Next week is expected to be the benchmark for August for many grades, meaning this week was a steady as she goes until then.
For paper grades, buying for August is likely to set the tone and this will occur for most next week who will trade for the whole month. The expectation at the moment is that prices will be steady.
Metals were also stable.
FX-wise, the pound was trading at $1.37, just a touch down on $1.38 last week against the dollar, and €1.16 for the euro from €1.17 a week ago.
For packaging grades, the publication this week of the Q2 data from NPWD meant people were waiting to see the implications of what it meant for compliance, and how the PRN/PERN market would react.
However, with the data not fully completed, it seemed to be full of errors and was revised downwards hours after being first published. Until there is confidence that the data is complete and up-to-date, those looking to trade PRN/PERNs largely held their counsel.
The price of the PRN/PERN did drop by a couple of quid, but it wasn’t enough to adjust physical market prices with bottle grades seeing no change.
Film grades were slightly different, with domestic buyers looking to ease the price down as we head towards August. Some European buyers raised their prices in anticipation of more competition from Turkey now it is allowed to import again, with Europeans wanting to secure stock while arisings remain low, and before they take their summer breaks.

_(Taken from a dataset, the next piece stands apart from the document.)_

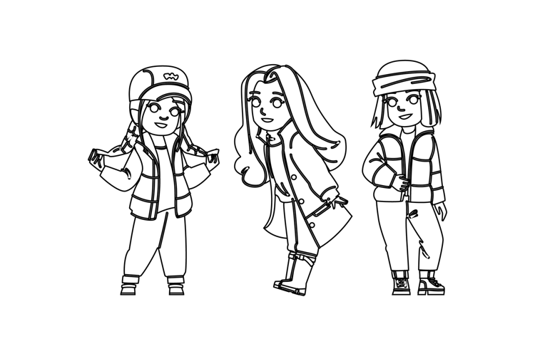 boots kid girl autumn fashion vector. scarf jacket, dress hat, coat cardigan boots kid girl autumn fashion character. people black line pencil drawing illustration

Looking ahead into August, nobody is expecting dramatic changes in the market next month, but beyond that, most aren’t quite sure how the market will progress with so many factors to consider.
It was another quiet week for the recovered fibre market, with most looking ahead to next week when many are expecting to trade for August.
There is a view held by many that the market is likely to be stable when trading occurs next week, as there is really good demand, but a reluctance from mills for prices to increase.
While some European and UK mills are attempting to talk the price down, others are recognising that competition from South East Asia is strong and is likely to keep the price where it is.
India has also softened its demand, which suggests there isn’t likely to be too much upward pressure on mixed especially in the coming weeks.
Prices were stable for all grades this week.